The crisis is usefully viewed at the juncture of the societal and the personal. At a societal level, what are the conditions that allow addiction to flourish? At the personal level, how are those conditions experienced, thus contributing to addictive behavior?

Economic influence
The economic trends associated with the restructuring of the economy over the last several decades set the stage. Tellingly, the lag in purchasing power affected the vast majority of Americans, a precursor to the opioid epidemic’s widespread effects.

These long-term trends reflect a crucial blind spot in U.S. economic and social policy throughout this time period. The impact on a wide swath of Americans was neglected and steps to invest in a floundering segment of our workforce have been too small and too late.

In short, we had an economic situation rife for what can be called “adverse adult experiences,” analogous to the well-known adverse childhood experiences. Events such as being fired, getting evicted, having a car repossessed, losing health insurance and family trauma, like divorce, serious illness or death – due to economic trends, all these and other everyday obstacles have become more likely to occur for many Missourians. And these events accumulate over time, reinforcing their negative effects and leading people to lose hope, to doubt their self-worth and to despair at their inability to fulfill the basic family responsibilities.

Responsibility runs deep
Another crucial ingredient in the epidemic has been the health care system – drug companies, doctors, payment systems and regulators – as they fundamentally changed pain management and fostered the widespread use of opioids. The particulars are documented in-depth in such books as “Dreamland,” but here I will note how unusual it is for an epidemic to have as one of its primary causes the behavior of the very systems and professionals who have the responsibility to heal our citizens.

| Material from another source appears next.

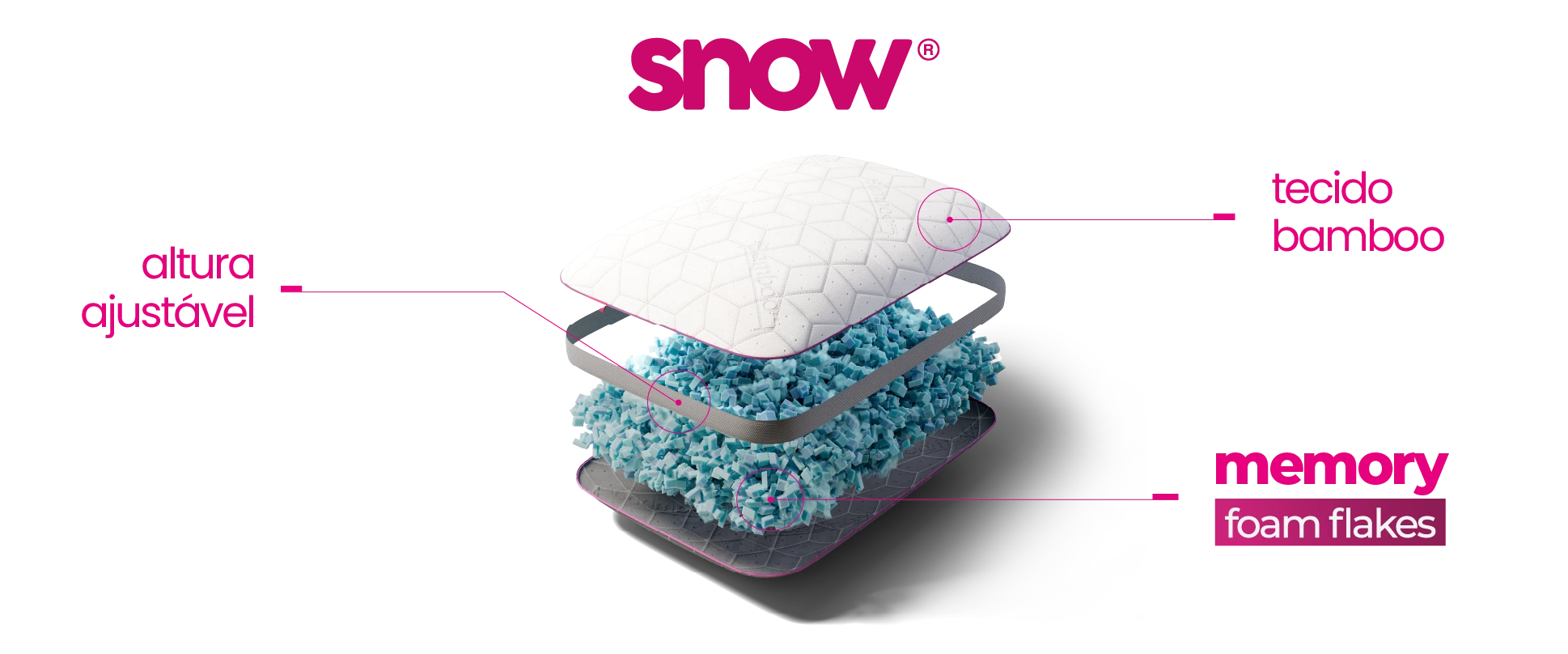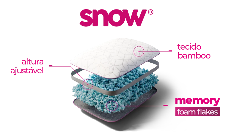 fabricado com espumas de memory foam flakes e partículas de gel, o snow® garante uma distribuição uniforme da pressão da cabeça e pescoço, ajudando a aliviar e prevenir dores causadas por pontos de tensão.

Doctors prescribed 240 million bottles of opioids in 2014. The aggressive treatment of pain and the downplaying of opioid addiction fueled a devastating and destructive “answer” to the despair generated by economic circumstances. This came at time when many vulnerable citizens were seeking relief from personal pain associated with loss of hope, respect, dignity and a vision for a better future for themselves and their loved ones.

We need to work on multiple fronts to care for people currently addicted and to prevent others from becoming addicted.

Government is rightly taking the lead by enlisting a broad base of Missourians to address this multifaceted challenge, including private sector actors like Express Scripts. Tactics currently in place include chronic care for addicted patients, prevention, education and multisector coordination among government agencies from courts to prisons and clinics to public health departments.

There is still so much left to be done to keep the crisis from getting worse. We also need to address the underlying conditions that foster addiction in the first place.

These societal and economic factors were decades in the making; unfortunately widespread progress will likewise take decades, even with strong action starting now.